Meta, in collaboration with UNESCO, has announced the Language Technology Partner Program aimed at advancing AI-driven speech recognition and translation.
The initiative invites contributors to provide extensive speech recordings, written texts, and translated sentence sets in diverse languages.
The goal is to improve AI models and make them open-source, supporting the development of multilingual, inclusive language technology.
Program Objectives and Scope
The Language Technology Partner Program focuses on developing large language models that can proficiently operate in all European Union–recognized languages, along with additional languages such as Arabic, Chinese, and Hindi.
This effort is designed to address challenges in speech recognition and translation, particularly for languages with limited digital corpora.
By fostering an open-source approach, the program seeks to promote transparency in AI development and provide companies and public organizations with the ability to fine-tune these models for industry-specific needs.
European Commission Support and STEP Seal Recognition
The project has received backing from the European Commission and is the first recipient of the Strategic Technologies for Europe Platform (STEP) Seal this year.
The STEP Seal acts as a quality label under the Digital Europe Programme, enhancing the project’s visibility and positioning it to attract further investments from both public and private sectors.
Collaborative Efforts and Technical Workshops
The initiative is a collaborative effort involving a consortium of 20 research institutions, companies, and EuroHPC centers. Coordinated by Jan Hajič of Charles University in Czechia and co-led by Peter Sarlin, Co-Founder and CVP at AMD Silo AI, work on the project began on February 1.
As part of the program, partners will have access to exclusive technical workshops led by Meta’s Fundamental AI Research (FAIR) teams.
These workshops are designed to help participants leverage open-source models and develop language technologies tailored to specific linguistic requirements.
Advancements in Speech and Translation Technology
Building on previous successes such as the “No Language Left Behind” (NLLB) project, Meta has introduced the Massively Multilingual Speech (MMS) initiative.
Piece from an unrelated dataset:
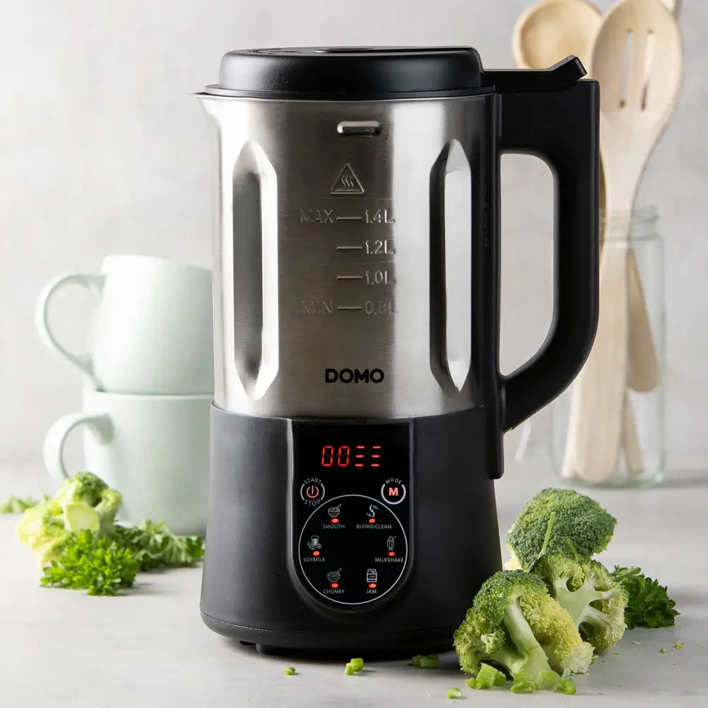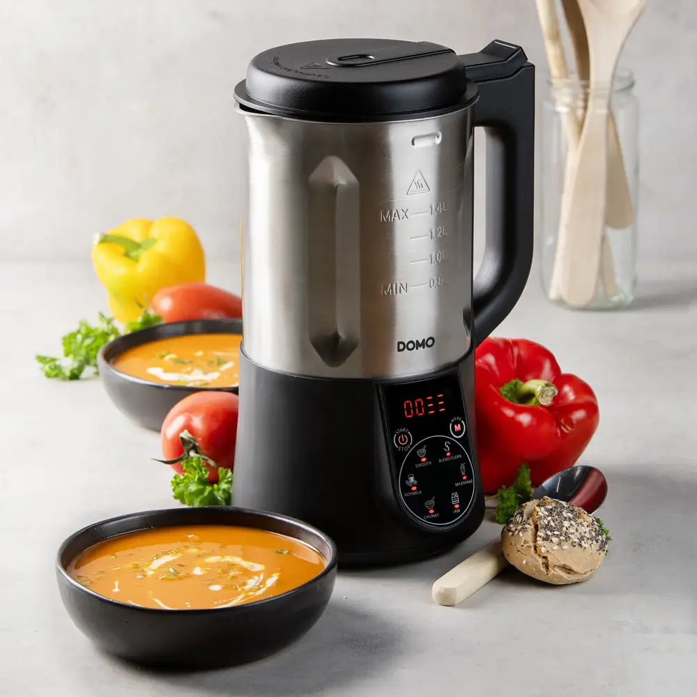 Aparatul pentru prepararea supei crema de la DOMO este ajutorul tau in bucatarie pentru prepararea celor mai rapide si delicioase supe. Cu o capacitate de 1.4 litri si 6 programe automate, poti prepara cu usurinta supe cremoase, smoothie-uri, gem, sau chiar lapte de soia in doar 20 de minute.
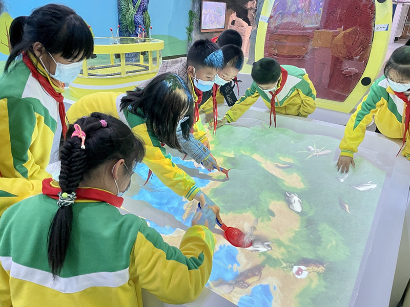 在展厅入口的森林王国,活灵活现的小动物标本令人眼前一亮,身临其境看看它们的样子,让孩子们更加懂得要爱护动物、保护生态环境。小小建筑师、水上世界、互动涂鸦、魔幻沙盘、滑梯投影、太阳能小车、谁在夜里不睡觉等各种新奇好玩的展品让孩子们兴奋雀跃,欲罢不能。大家认真听取讲解,亲身感受了各种神奇的科技现象,兴致勃勃体验了有趣的互动项目,在探索奥秘、玩转科学中激发了好奇心和求知欲。

This project supports transcription in over 1,100 languages and features zero-shot speech recognition, which enables accurate audio transcription even for languages not explicitly trained on.
In parallel, Meta has launched an open-source machine translation benchmark on the AI platform Hugging Face. This benchmark, designed by linguists, currently supports seven languages and evaluates translation model performance through carefully crafted sentences.
Partnership with the Nunavut Government
A notable early collaboration is with the government of Nunavut in Northern Canada.
This partnership aims to integrate Inuit languages such as Inuktitut and Inuinnaqtun into the AI models, reflecting the program’s commitment to supporting underserved languages and promoting linguistic diversity.
Addressing Data Transparency and Ethical Considerations
In keeping with its commitment to transparency, the OpenEuroLLM Project plans to release all documentation, training and testing code, and evaluation metrics along with the models.
Meta’s initiative emphasizes the importance of clear data sourcing practices, a critical aspect given past debates over the use of publicly available content.
The program seeks to ensure that contributors understand how their data will be used and aims to provide mechanisms for opting out when necessary.
Funding and Future Outlook
The Language Technology Partner Program is supported by an initial budget of €37.4 million, including €20.6 million from the EU’s Digital Europe Programme.
Although this funding is modest compared to investments in proprietary AI by other global players, the project is designed to advance open-source models that align with European values of data protection, inclusivity, and transparency.
The Language Technology Partner Program represents a strategic effort by Meta and UNESCO to foster multilingual AI innovations.
By supporting the development of high-performance, open-source language models, the initiative aims to improve speech recognition and translation technologies across diverse linguistic and cultural contexts.